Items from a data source

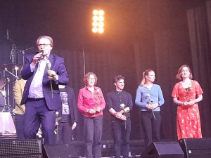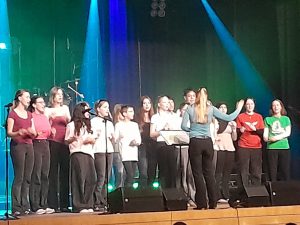Danach präsentierten die musikalischen Ensembles und AGs aus allen Jahrgangsstufen ein frühlingsbuntes Programm von Klassik bis Pop. Dabei waren ein Streicher- und Flötenensemble (Bautz/ Rehren/ Köchlin), das teils zusammen mit dem GyRaChœur (Kemper) einen Bogen von der „Ode an die Freude“ bis zu „Yellow submarine“ schlug, die Beatboxing-AG (Tambke), noch mehr Streicher (Streichan/ Pavlicenco) mit „Open String Samba“ und „Drunken Sailor“, das 5er-Instrumentalensemble (Kemper/ v. Hopffgarten) mit dem „Can Can“ von Offenbach und dem „Cordoba Swing“, die Tanz-AG (Helia), der 5er Chor (Krösser), der ein „Ein Hoch auf uns“ und zusammen mit der Unterstufenband (Tolmacov) „Komet“ anstimmte, der Oberstufenchor (Kemper), der die von der Chorleiterin eigens arrangierten Stücke „Jamaica farewell“ und „Vem kan segla“ zum Besten gab, und nach der Mittelstufenband (Lahann) mit „Don’t stop believing“ und „Kiss me“ schließlich als gelungener Abschluss die Oberstufenband (Lahann), die mit „Be my baby“ und „Yellow“ das Programm abrundete und dabei durch mutige Schülerinnen unterstützt wurde, welche die erkrankte Sängerin des letzten Stückes ersetzten. Mit viel Einsatz haben die SchülerInnen und LehrerInnen des GyRa einen wunderschönen musikalischen Frühlingsstrauß gezaubert, der viele Zuhörer nach dem schon traditionellen gemeinsamen Stühlestapeln mit einem zufriedenen Lächeln in den lauen Frühlingsabend auf den Heimweg schickte.
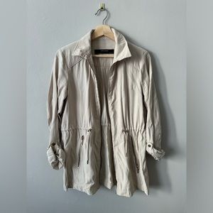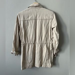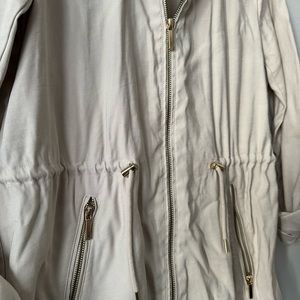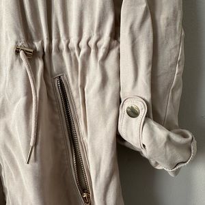 Light tan/cream, light-weight utility inspired jacket with gold-tone zipper and details, zipper pockets, drawstring cinching waist.
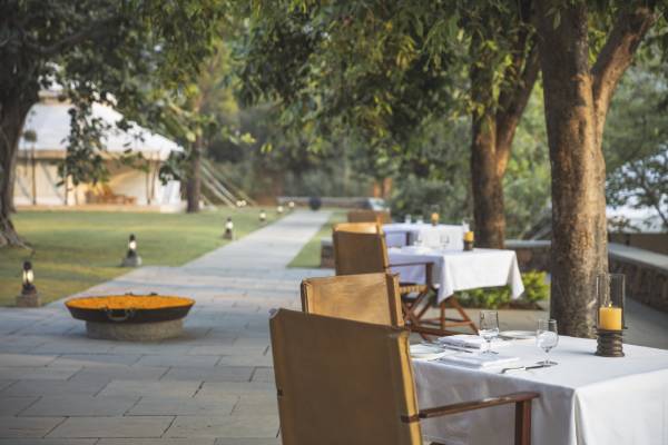 Zum Luxuscamp Aman-i-Khás gehört selbstverständlich auch ein exzellentes Restaurant. In dem eleganten Dining-Zelt serviert man bei romantische Licht traditionelle Gerichte aus Rajasthan, die von den Mogulkaisern inspiriert wurde, sowie internationale Köstlichkeiten.
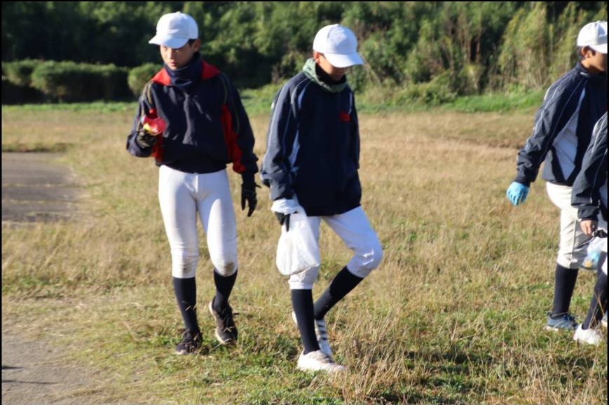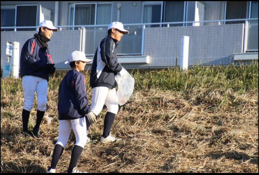 たくさんゴミを拾ってきれいな河川になり、その後は通常練習をがんばりました。
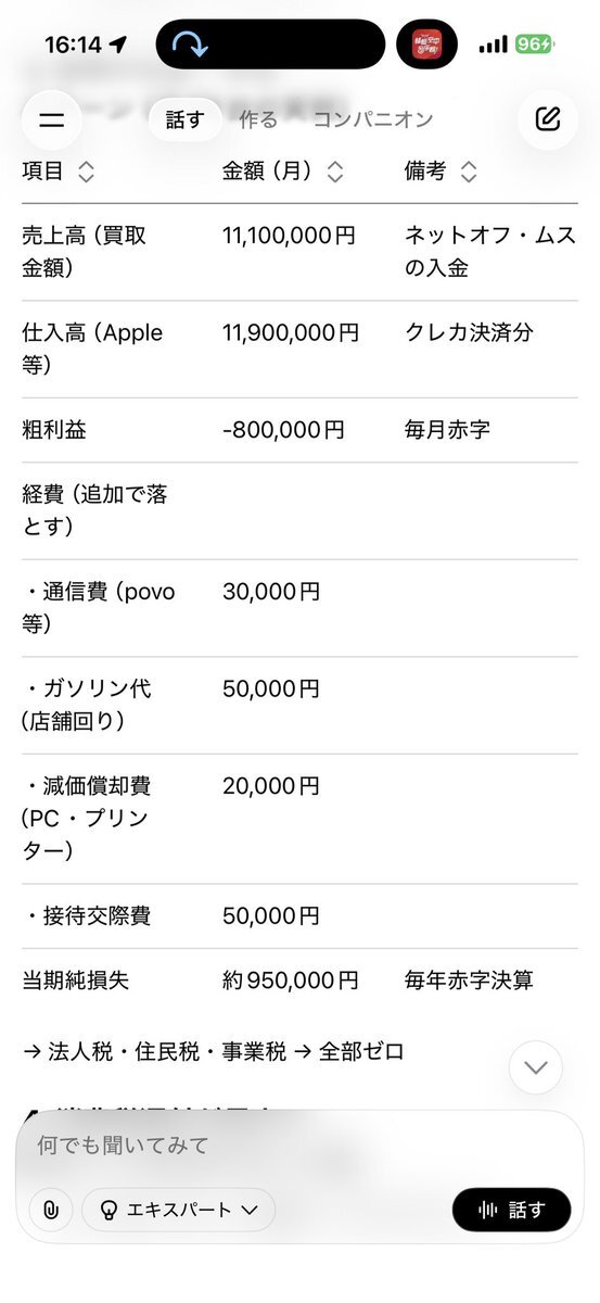4. 消費税還付が最大の旨味(これを知らないと損) • 仕入れ時に支払った消費税:約119万円/月 • 売上時に受け取った消費税:約101万円/月 → 差額18万円/月 → 国から還付金として戻ってくる → 年間で約216万円戻ってくる(これが実質的な利益) 5. ポイント・マイルはどうする? •
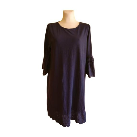 Ez a Tchibo sötétkék női ruha egy nagyon csinos, praktikus nyári darab. Anyaga puha pamut, amely jól szellőzik. Fazonja klasszikus, egyenes esésű szoknyával. A szegélyeit és az ujjakat finom madeira díszíti. Jól kombinálható bármilyen
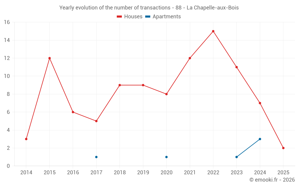 The median price on the 15 house transactions of the last 24 months in the municipality of La Chapelle-aux-Bois was 914 € per square meter for a median property value of 105 000 €. Over this period, 60% of transactions were between 516 and 1 413 € per square meter (from the 2nd to the 8th deciles).
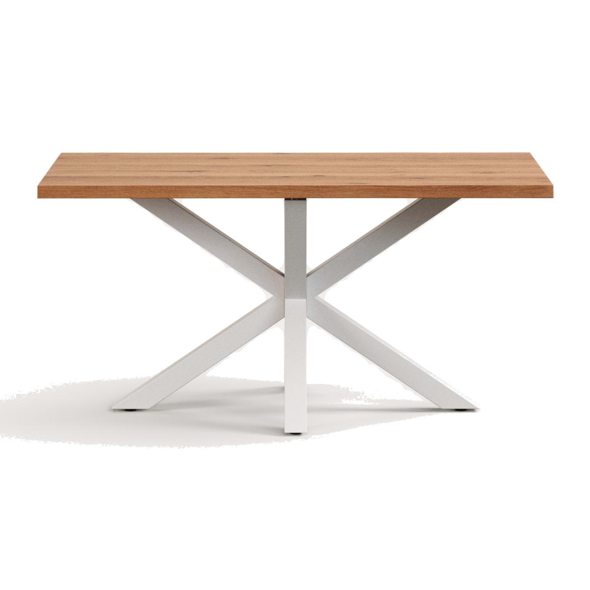 I love this table for its versatile mix of rustic warmth and modern edge. The aged oak veneer gives it a timeless, welcoming feel, making it ideal for both contemporary and traditional interiors. The white steel legs add a fresh,clean look that helps the table sit well in Scandinavian, industrial, or pared-back minimalist schemes. Practical styling tips include pairing it with wooden or fabric dining chairs for a cosy, cohesive vibe, or mixing in metal accents for an industrial touch. It works particularly well in open-plan kitchens and dining areas where it can act as a statement piece or blend seamlessly with surrounding furnishings. To keep it looking its best, avoid placing it in overly damp environments and use coasters to protect the surface from scratches or heat.

**What is being asked:** Copy the lines above exactly, starting with the line that contains "4. 消費税還付が最大の旨味(これを知らないと損) •" and ending with the line that contains "The median price", and leave out any pictures.

**Answer to this problem:**
4. 消費税還付が最大の旨味(これを知らないと損) • 仕入れ時に支払った消費税:約119万円/月 • 売上時に受け取った消費税:約101万円/月 → 差額18万円/月 → 国から還付金として戻ってくる → 年間で約216万円戻ってくる(これが実質的な利益) 5. ポイント・マイルはどうする? •
 Ez a Tchibo sötétkék női ruha egy nagyon csinos, praktikus nyári darab. Anyaga puha pamut, amely jól szellőzik. Fazonja klasszikus, egyenes esésű szoknyával. A szegélyeit és az ujjakat finom madeira díszíti. Jól kombinálható bármilyen
 The median price on the 15 house transactions of the last 24 months in the municipality of La Chapelle-aux-Bois was 914 € per square meter for a median property value of 105 000 €. Over this period, 60% of transactions were between 516 and 1 413 € per square meter (from the 2nd to the 8th deciles).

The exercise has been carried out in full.